Mujica noted that indoor dining at restaurants and bars are currently the fifth or sixth highest category in the city for the spread of the virus, but he did not outline what the top categories pushing the city toward a full-blown second wave of the pandemic. Cuomo is set to release an overview of the data this week — possibly as soon as Friday, according to a spokesperson for the governor — which will likely outline in greater detail the percentage of COVID-19 cases citywide that can be traced back to indoor dining.

Cuomo reiterated the Centers for Disease Control and Prevention’s newest guidance issued last week, which recommends avoiding nonessential indoor spaces like restaurants and bars.

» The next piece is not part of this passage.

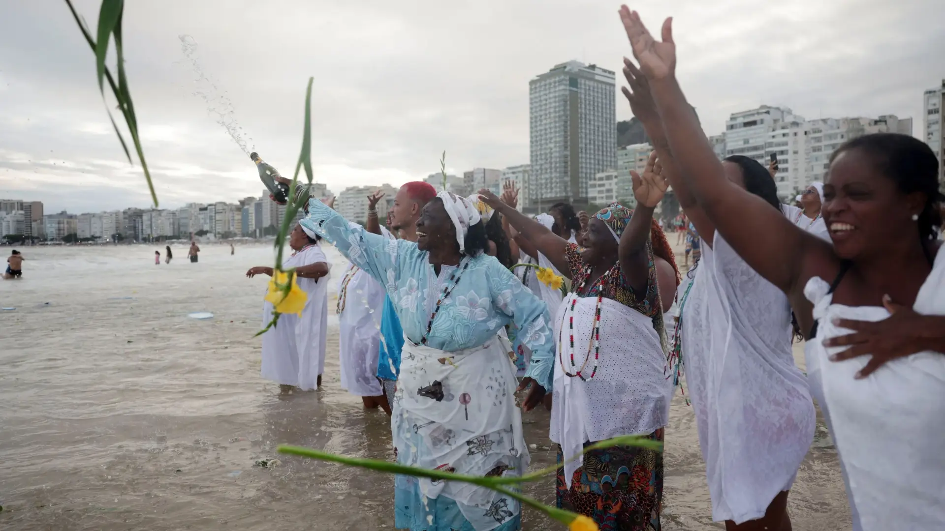 خلال ليلة رأس السنة في ريو، يذهب معظم المحتفلين إلى الشاطئ مرتدين ملابس بيضاء، في تقليد موروث من معتقدات إفريقية برازيلية.

During a separate press conference on Wednesday, Mayor Bill de Blasio said that the “most identifiable piece of the puzzle” when it comes to the spread of COVID-19 has been travel, although bars and restaurants have also been sources for the virus escalating.

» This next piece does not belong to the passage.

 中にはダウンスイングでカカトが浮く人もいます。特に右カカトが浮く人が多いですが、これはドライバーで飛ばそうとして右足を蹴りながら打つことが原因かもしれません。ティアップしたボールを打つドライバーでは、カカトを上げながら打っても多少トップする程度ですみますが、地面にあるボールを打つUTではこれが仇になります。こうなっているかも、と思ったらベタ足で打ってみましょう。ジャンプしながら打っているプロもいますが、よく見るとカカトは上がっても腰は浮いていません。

But nothing has fostered the increase of COVID-19 cases more than private family gatherings, according to de Blasio. “The main driver appears to be family settings,” de Blasio said. “Not so much being out in community settings. However, all of this interrelates and not all of it is perfectly traceable.”

Aside from noting activities like travel and private family gatherings as major COVID-19 spread contributors, the mayor has yet to disclose any in-depth data on how COVID-19 has spread in NYC.

In comparison, local governments in other areas of the country like Washington, D.C. have recently published detailed breakdowns of community outbreak origins. Restaurants and bars contributed to 13.8 percent of D.C.’s COVID-19 outbreaks from August 1 to November 26, according to city data. The industry tied with childcare and daycare as the third-largest source of community outbreaks behind K-12 schools and colleges.

Eater has reached out to NYC’s Health and Hospitals, which runs the city’s contact tracing program, for more information about the sources contributing to COVID-19 spiking in recent weeks.

Restaurant and bars owners, along with hospitality industry experts, have repeatedly warned that without federal aid — paired with an indoor dining ban and colder weather — there will be a large spike in the number of restaurant closings in the coming months.